Il faut passer de l’autre côté de ces miroirs. Il faut renoncer à la tentation du narcissisme, à la contemplation de sa propre image anamorphosée sur fond de classicisme grand siècle, pour pénétrer dans un autre monde. Un monde étrangement muet qui se découvre après avoir franchi la lisière de métal brillant, après avoir brièvement cheminé dans un noir profond. Un monde de silence où l’on accède par une clairière. Une clairière sombre.
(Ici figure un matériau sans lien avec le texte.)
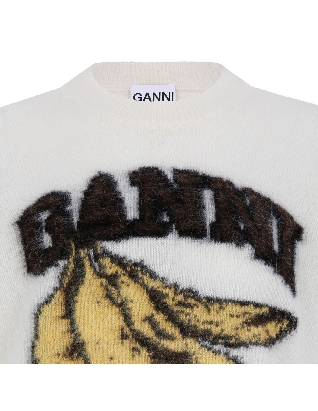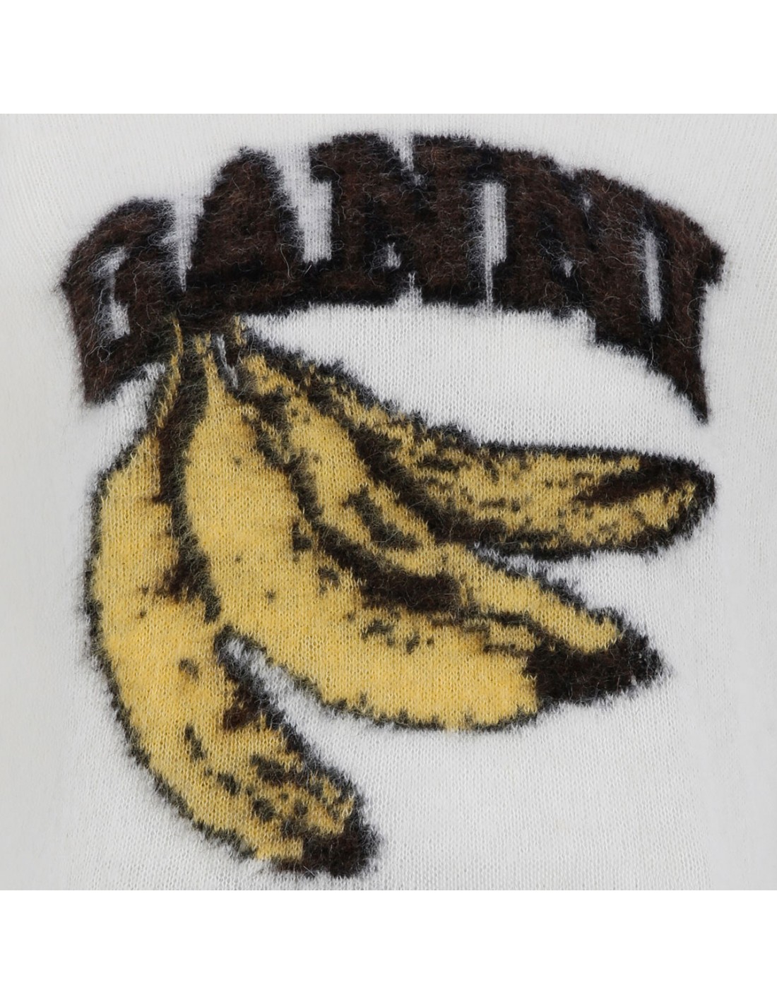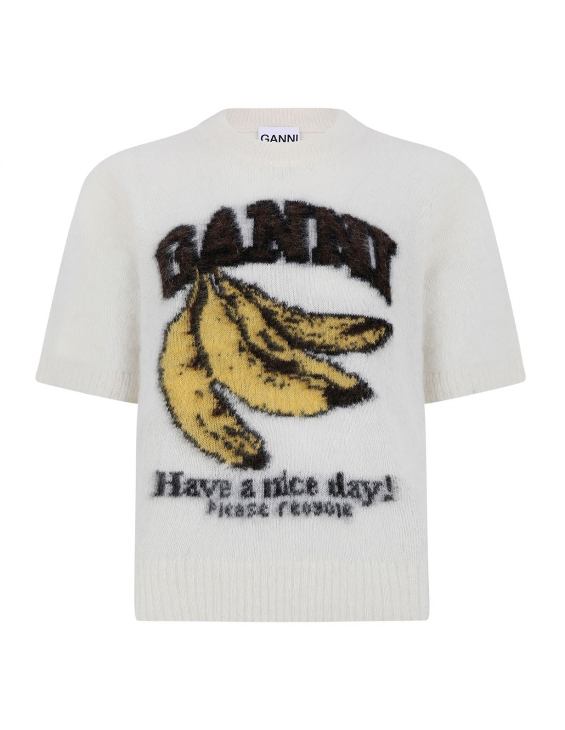 White brushed alpaca T-shirt from Ganni featuring Have a nice day! Please recycle message, banana and logo graphic, round neckline, short sleeves, ribbed-knit edges.

Ici, pas de feuilles, de fleurs, de fougères géantes, de plantes grimpantes. Pas d’oiseau au plumage coloré, pas de fauve à la fourrure ocellée, pas de nymphe languide. Pas de rires d’enfants. Pas de vie. Pas de mort non plus !
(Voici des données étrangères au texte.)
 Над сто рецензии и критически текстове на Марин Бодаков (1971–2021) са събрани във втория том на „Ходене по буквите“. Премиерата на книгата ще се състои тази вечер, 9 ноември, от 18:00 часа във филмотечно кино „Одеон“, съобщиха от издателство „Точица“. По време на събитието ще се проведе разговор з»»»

Pas de mort … mais une poésie inquiète qui apaise et qui étreint. Une poésie comme une musique, comme celle qui s’exfiltre des forêts pétrifiées de Max Ernst. Une musique qui serait parvenue à se glisser, depuis le fond inaccessible de cette forêt immobile, entre ces arbres et ces branches de carton ondulé, jusqu’à cette clairière sans autre couleur que le beige. Une poésie-Mélusine dont on aimerait demeurer prisonnier plus longtemps. Plus longtemps que les dix à quinze minutes accordées à chaque groupe de trois ou quatre personnes – pas plus – autorisé à venir communier avec l’inextricable onirique, avec le monde enchevêtré d’Eva Jospin.
On aimerait rester plus longtemps mais courtoisie oblige. Les autres attendent. Et puis … c’est gratuit.
C’est gratuit. On peut donc voir et revoir … jusqu’au 28 août.
Pierre Vauconsant
Cour carrée du Louvre – Paris- Du 12 avril au 28 août 2016 – Tous les jours de 10h à 18h, sauf le mardi.
Placé au coeur de la Cour carrée, sur la fontaine, le Panorama de l’artiste Eva Jospin est conçu comme une architecture artistique. Le côté minéral de la ville, du palais et le décor du musée du Louvre se reflètent sur les parois habillées d’acier poli-miroir. À l’intérieur, le côté végétal, avec le panorama, reflète l’univers des forêts et des grottes.
Le Panorama de l’artiste se comprend dans la continuité des panoramas traditionnels qui, au XVIIIe siècle, ont connu un intérêt public croissant. Ce sont les précurseurs de spectacles en ville, de foires, de manèges et de cinéma, de toutes sortes de divertissements payants que la ville offre à ses habitants. Le plus ancien panorama connu en France a été réalisé par Pierre Prévost (1764-1823), Le Panorama de Constantinople, conservé par le musée du Louvre et présenté lors de l’exposition « Philippe Djian au Louvre » (27 novembre 2014 – 23 février 2015).